# Work instructions:
Below are records with pictures. Reproduce exactly the lines from the line with "Replacing ADMIN with" to the line with "Бейджі на липучці", inclusive, and leave each picture out.

Dataset extract below:

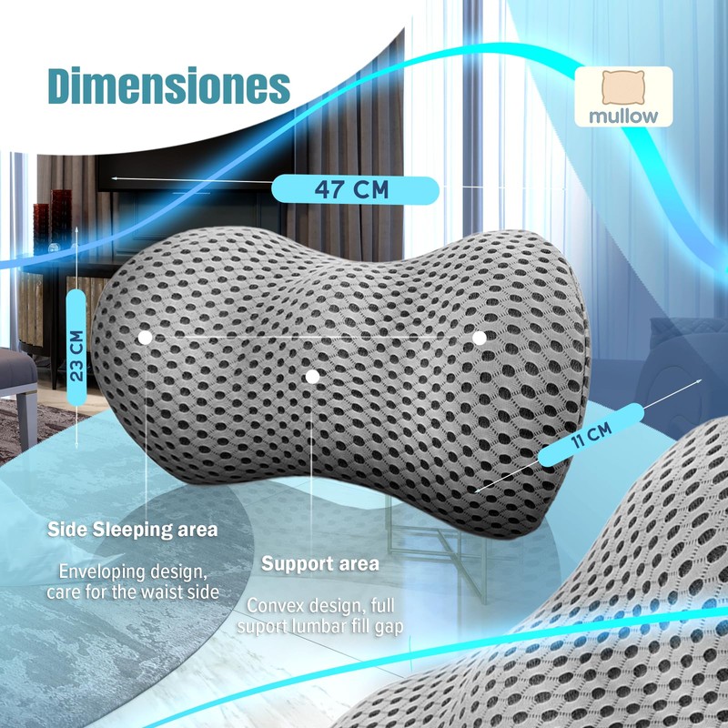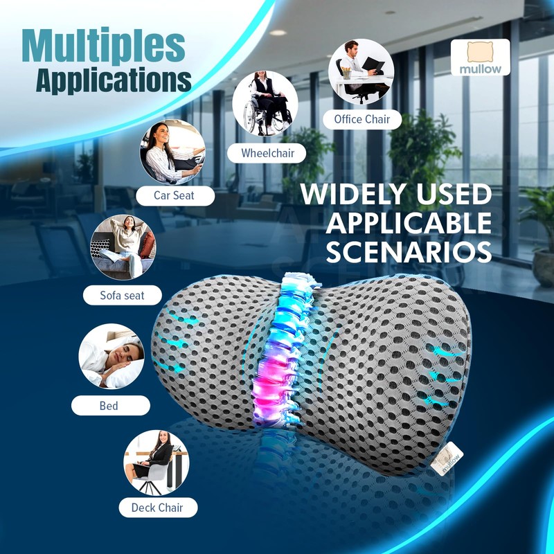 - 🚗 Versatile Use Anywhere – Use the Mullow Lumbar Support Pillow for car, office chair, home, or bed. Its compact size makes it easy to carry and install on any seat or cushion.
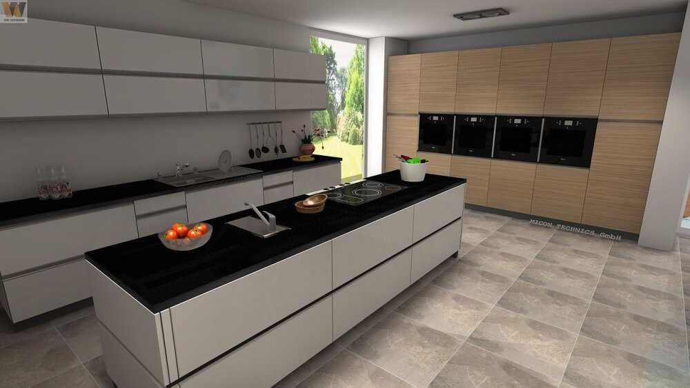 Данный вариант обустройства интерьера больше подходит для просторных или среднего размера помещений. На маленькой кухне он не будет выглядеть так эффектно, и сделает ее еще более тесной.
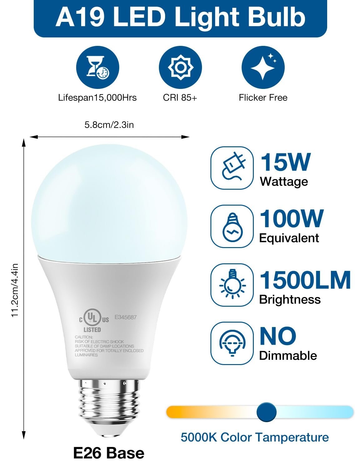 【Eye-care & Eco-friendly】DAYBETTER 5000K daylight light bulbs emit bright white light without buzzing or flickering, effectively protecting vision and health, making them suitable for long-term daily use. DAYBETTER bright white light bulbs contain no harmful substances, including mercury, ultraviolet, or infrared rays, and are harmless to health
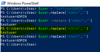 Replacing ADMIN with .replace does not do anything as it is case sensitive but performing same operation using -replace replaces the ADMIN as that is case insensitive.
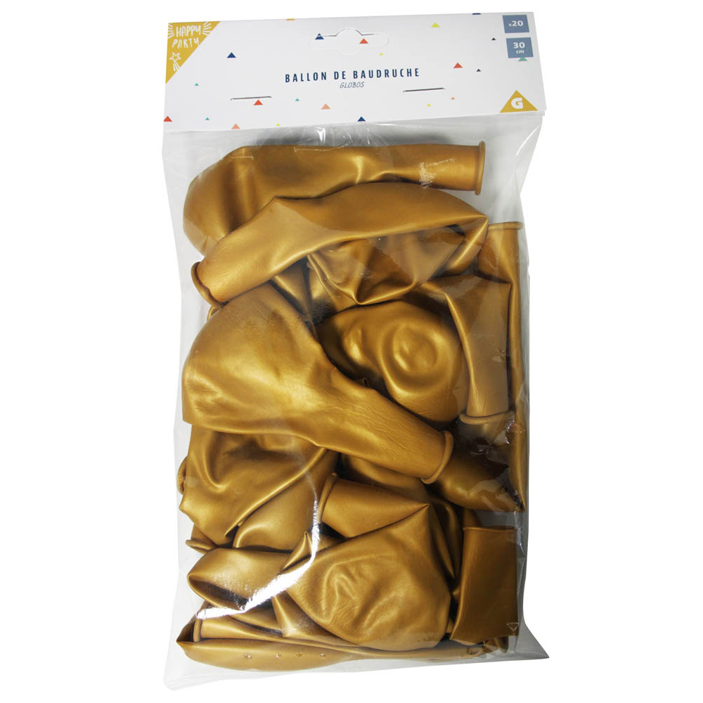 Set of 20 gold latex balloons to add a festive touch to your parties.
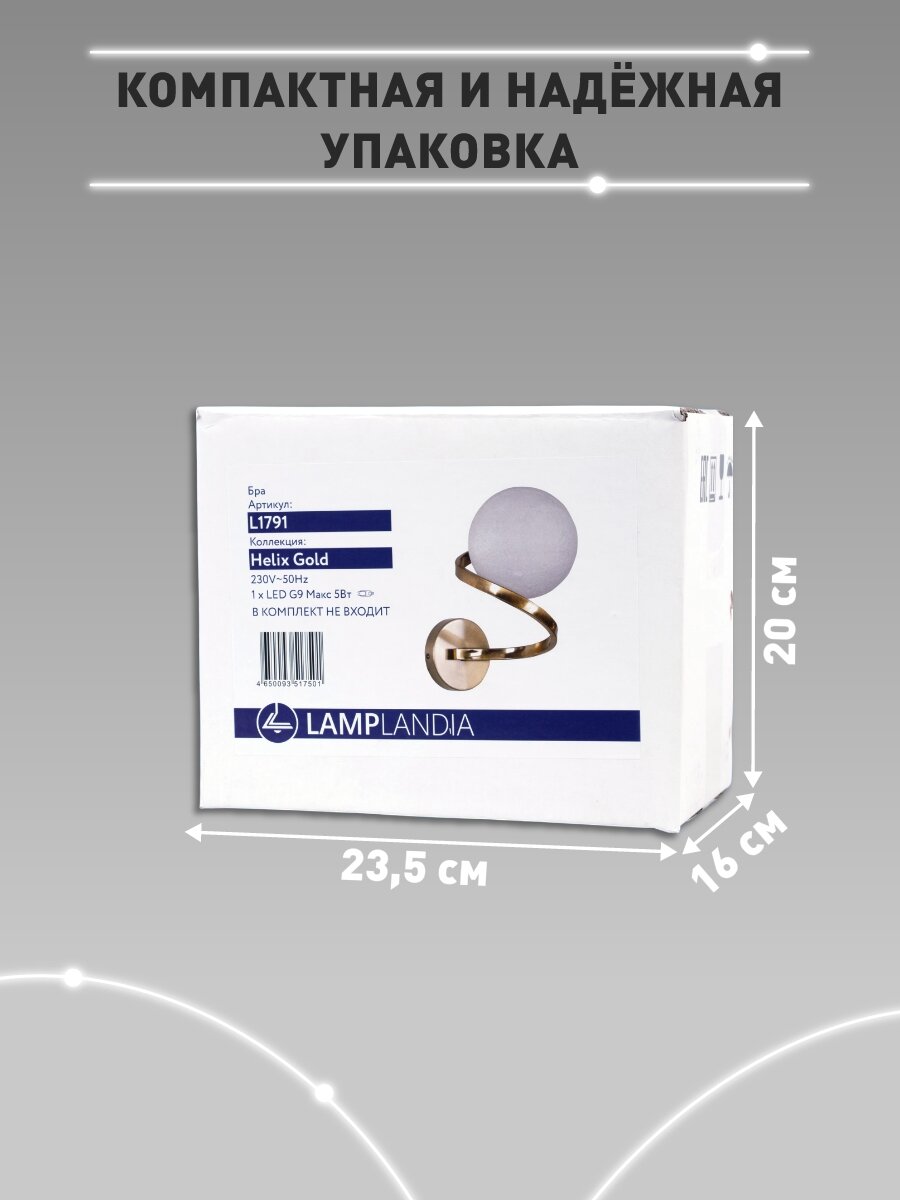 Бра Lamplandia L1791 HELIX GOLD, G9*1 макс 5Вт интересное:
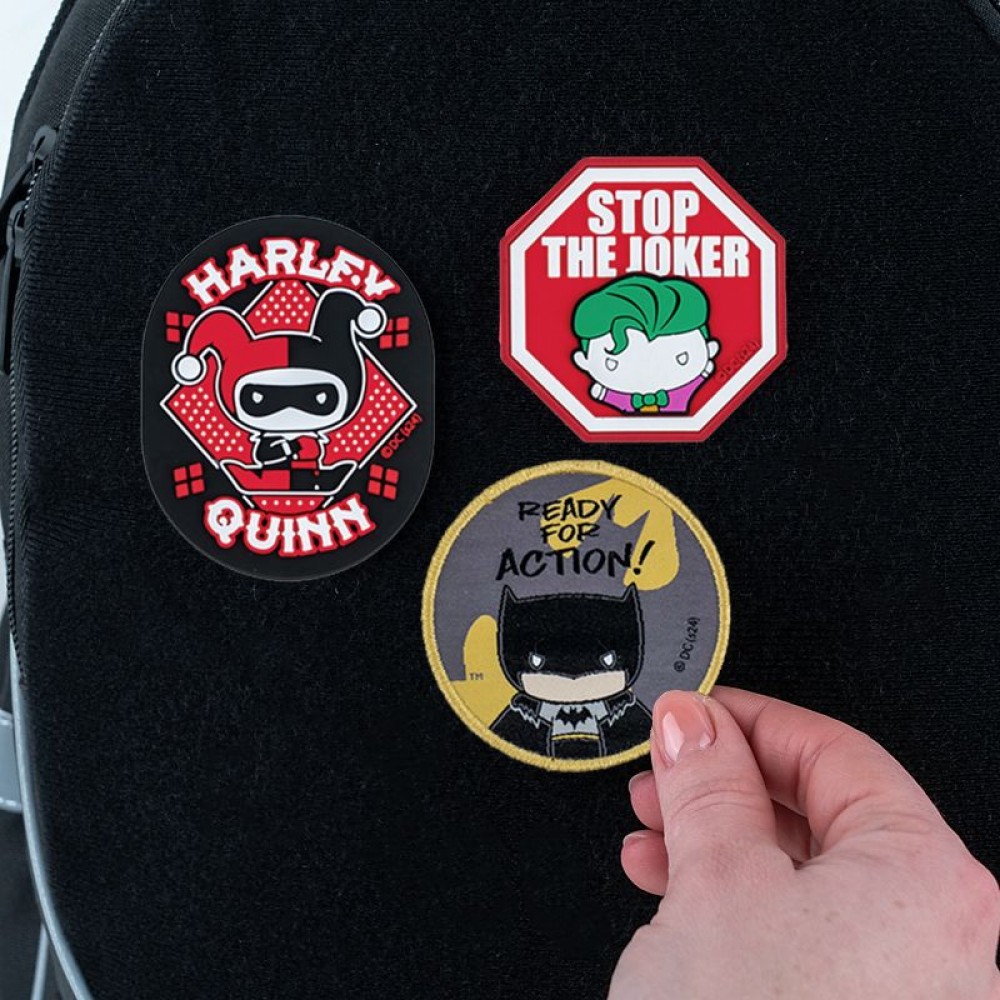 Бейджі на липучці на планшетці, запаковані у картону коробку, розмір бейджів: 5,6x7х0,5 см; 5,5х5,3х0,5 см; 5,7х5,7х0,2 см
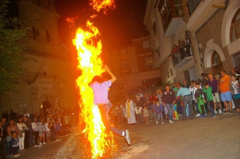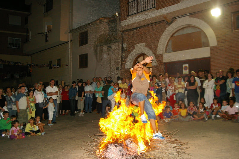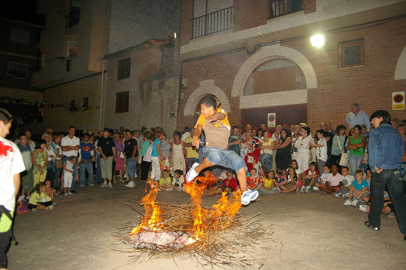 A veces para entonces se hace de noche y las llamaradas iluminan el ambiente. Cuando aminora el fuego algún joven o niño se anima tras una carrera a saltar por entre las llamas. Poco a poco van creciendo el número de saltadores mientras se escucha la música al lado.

End of Dataset extract.

# Answer:
 Replacing ADMIN with .replace does not do anything as it is case sensitive but performing same operation using -replace replaces the ADMIN as that is case insensitive.
 Set of 20 gold latex balloons to add a festive touch to your parties.
 Бра Lamplandia L1791 HELIX GOLD, G9*1 макс 5Вт интересное:
 Бейджі на липучці на планшетці, запаковані у картону коробку, розмір бейджів: 5,6x7х0,5 см; 5,5х5,3х0,5 см; 5,7х5,7х0,2 см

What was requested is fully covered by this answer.